#### WORK ITEM:
Take the entries below and print, exactly, the stretch from the line containing "Old Popular 25c. Price." through the line containing "JUST OUT! HAVE", both included.
Start of INFORMATION
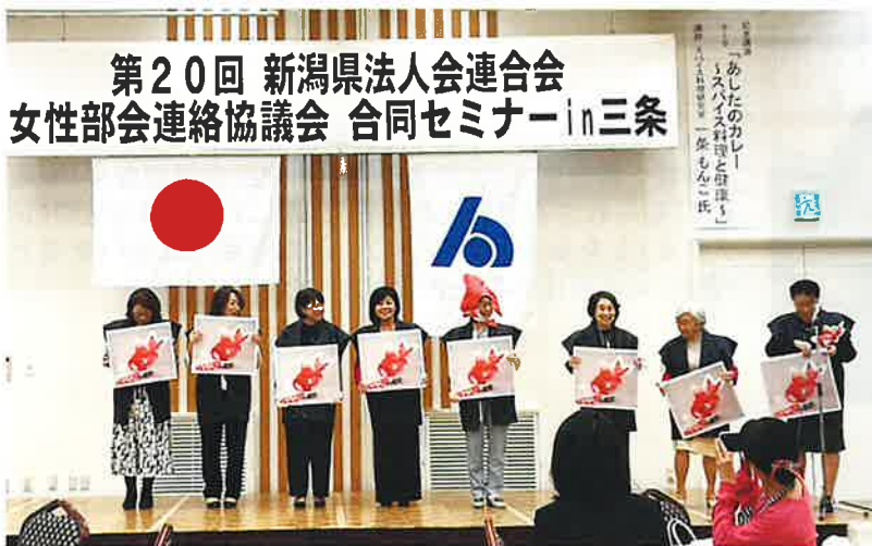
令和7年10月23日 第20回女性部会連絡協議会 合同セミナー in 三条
End of INFORMATION
Start of INFORMATION
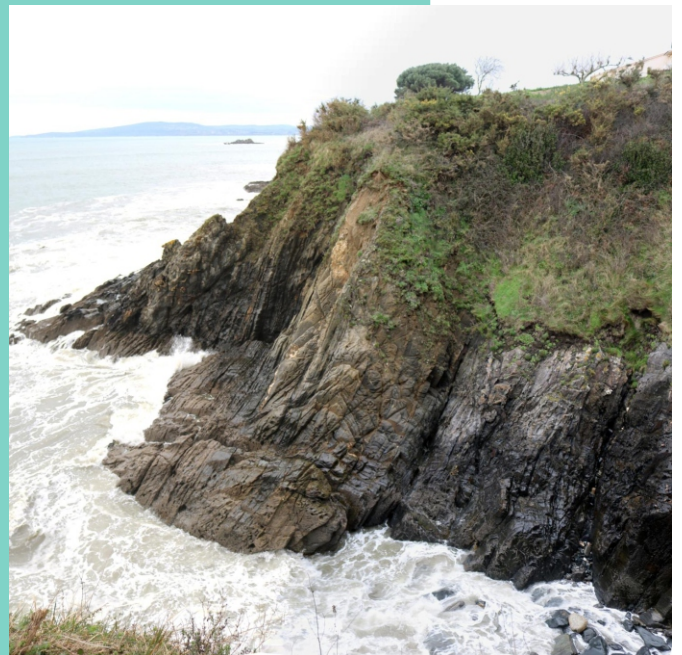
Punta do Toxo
End of INFORMATION
Start of INFORMATION
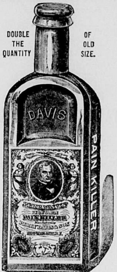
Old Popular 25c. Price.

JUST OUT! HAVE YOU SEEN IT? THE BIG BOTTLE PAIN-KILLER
End of INFORMATION
#### TASK RESULT:
Old Popular 25c. Price.

JUST OUT! HAVE YOU SEEN IT? THE BIG BOTTLE PAIN-KILLER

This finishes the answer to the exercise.